马萨诸塞州综合医院David T. Ting研究组宣布他们揭示了基质微环境形成胰腺癌的瘤内结构。相关论文发表在2019年5月30日出版的《细胞》杂志上。
研究者在胰腺癌(胰腺导管腺癌[PDAC])模型系统中,结合单细胞RNA和蛋白质分析技术,研究基质肿瘤相关成纤维细胞(CAFs)调控异质性中的作用。研究小组发现,单细胞群体分布十分明显地偏向侵袭性上皮-间质转分化(EMT)和增殖(PRO)表型(这些表型与丝裂原激活蛋白激酶-MAPK、信号转导因子和转录激活因子3-STAT3信号传导有关)。该课题组研究人员利用RNA原位杂交高通量数字图像技术,采集了195例PDAC肿瘤信息,进而对319,626个癌细胞进行了EMT和PRO亚群量化分析,使得这些细胞可以在不同的肿瘤腺体“单元”中进行分类。肿瘤腺体分型提供了额外的关于肿瘤内部异质性的信息,这些信息与基质丰度和临床结果的差异有关。研究结果证明了人类PDAC中,肿瘤基质通过改变肿瘤腺体的内在模式来影响肿瘤结构的形成。
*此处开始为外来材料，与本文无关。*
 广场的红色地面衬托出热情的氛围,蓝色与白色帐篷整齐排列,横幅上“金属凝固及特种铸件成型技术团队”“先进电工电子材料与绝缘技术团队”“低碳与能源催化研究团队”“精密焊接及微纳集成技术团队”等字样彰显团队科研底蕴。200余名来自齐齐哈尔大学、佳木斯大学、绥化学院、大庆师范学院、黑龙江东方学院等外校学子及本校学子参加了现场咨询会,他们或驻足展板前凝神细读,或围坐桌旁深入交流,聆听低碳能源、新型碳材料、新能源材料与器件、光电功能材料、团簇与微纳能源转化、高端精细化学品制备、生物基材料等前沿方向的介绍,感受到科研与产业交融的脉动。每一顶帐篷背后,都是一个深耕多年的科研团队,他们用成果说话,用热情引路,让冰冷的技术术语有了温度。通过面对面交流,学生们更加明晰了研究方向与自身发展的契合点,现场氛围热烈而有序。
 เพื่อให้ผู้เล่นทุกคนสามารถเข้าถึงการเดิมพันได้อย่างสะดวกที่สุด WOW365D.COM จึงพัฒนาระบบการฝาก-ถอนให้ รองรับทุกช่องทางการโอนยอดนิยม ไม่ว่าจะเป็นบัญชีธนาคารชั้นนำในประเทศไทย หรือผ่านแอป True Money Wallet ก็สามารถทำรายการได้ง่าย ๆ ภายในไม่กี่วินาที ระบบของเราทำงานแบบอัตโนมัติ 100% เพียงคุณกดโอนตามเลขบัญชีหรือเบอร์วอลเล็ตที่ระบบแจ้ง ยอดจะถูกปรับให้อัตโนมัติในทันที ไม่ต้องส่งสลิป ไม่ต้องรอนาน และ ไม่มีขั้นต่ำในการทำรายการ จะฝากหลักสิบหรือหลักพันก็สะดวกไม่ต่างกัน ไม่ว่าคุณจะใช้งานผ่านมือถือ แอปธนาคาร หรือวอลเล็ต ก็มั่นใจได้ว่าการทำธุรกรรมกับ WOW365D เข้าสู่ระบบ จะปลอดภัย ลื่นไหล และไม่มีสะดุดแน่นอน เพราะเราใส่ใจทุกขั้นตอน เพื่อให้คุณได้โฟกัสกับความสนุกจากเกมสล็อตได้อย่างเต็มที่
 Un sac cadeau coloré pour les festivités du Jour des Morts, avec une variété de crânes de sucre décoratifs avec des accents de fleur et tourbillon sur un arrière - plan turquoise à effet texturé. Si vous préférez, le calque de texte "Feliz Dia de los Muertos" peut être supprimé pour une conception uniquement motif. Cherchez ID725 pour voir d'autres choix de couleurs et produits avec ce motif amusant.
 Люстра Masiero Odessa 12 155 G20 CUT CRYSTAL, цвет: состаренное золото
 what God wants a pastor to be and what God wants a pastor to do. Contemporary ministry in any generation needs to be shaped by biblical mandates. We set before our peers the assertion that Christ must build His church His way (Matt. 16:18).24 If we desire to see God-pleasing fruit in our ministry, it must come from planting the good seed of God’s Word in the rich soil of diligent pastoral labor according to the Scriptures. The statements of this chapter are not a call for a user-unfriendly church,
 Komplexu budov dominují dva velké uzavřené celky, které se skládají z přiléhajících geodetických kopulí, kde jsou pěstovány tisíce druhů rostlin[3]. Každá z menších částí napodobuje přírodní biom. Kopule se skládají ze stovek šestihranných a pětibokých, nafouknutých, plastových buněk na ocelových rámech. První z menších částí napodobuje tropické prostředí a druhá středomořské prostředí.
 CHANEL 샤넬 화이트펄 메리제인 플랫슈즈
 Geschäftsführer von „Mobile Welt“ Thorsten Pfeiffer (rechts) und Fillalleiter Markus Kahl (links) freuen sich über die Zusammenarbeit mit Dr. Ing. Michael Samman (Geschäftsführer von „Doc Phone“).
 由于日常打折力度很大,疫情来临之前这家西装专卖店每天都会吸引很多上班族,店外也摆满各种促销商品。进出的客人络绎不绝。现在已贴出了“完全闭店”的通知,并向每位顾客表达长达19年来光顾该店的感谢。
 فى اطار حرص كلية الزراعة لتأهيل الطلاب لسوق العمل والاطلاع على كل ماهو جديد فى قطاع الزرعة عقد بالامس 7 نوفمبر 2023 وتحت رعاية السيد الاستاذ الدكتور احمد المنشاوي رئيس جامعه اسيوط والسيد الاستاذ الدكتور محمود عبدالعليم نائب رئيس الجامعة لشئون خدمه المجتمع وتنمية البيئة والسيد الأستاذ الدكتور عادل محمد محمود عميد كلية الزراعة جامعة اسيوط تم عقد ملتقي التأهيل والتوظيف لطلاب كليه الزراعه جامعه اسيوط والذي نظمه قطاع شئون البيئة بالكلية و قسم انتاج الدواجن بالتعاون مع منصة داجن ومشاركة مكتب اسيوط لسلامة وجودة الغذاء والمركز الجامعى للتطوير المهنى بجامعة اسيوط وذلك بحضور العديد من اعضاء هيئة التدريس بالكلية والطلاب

据介绍,单细胞技术已经描述了组织间的异质性,但驱动单细胞表型的空间分布及原因尚未得到很好的解释。
附:英文原文
Title: Stromal Microenvironment Shapes the Intratumoral Architecture of Pancreatic Cancer
Author: Matteo Ligorio, Srinjoy Sil, Jose Malagon-Lopez, Wilhelm Haas, Martin J. Aryee, David T. Ting
Issue&Volume:Jun 27, 2019 Volume 178Issue 1
Abstract: Single-cell technologies have described heterogeneity across tissues, but the spatial distribution and forces that drive single-cell phenotypes have not been well defined. Combining single-cell RNA and protein analytics in studying the role of stromal cancer-associated fibroblasts (CAFs) in modulating heterogeneity in pancreatic cancer (pancreatic ductal adenocarcinoma [PDAC]) model systems, we have identified significant single-cell population shifts toward invasive epithelial-to-mesenchymal transition (EMT) and proliferative (PRO) phenotypes linked with mitogen-activated protein kinase (MAPK) and signal transducer and activator of transcription 3 (STAT3) signaling. Using high-content digital imaging of RNA in situ hybridization in 195 PDAC tumors, we quantified these EMT and PRO subpopulations in 319,626 individual cancer cells that can be classified within the context of distinct tumor gland “units.” Tumor gland typing provided an additional layer of intratumoral heterogeneity that was associated with differences in stromal abundance and clinical outcomes. This demonstrates the impact of the stroma in shaping tumor architecture by altering inherent patterns of tumor glands in human PDAC.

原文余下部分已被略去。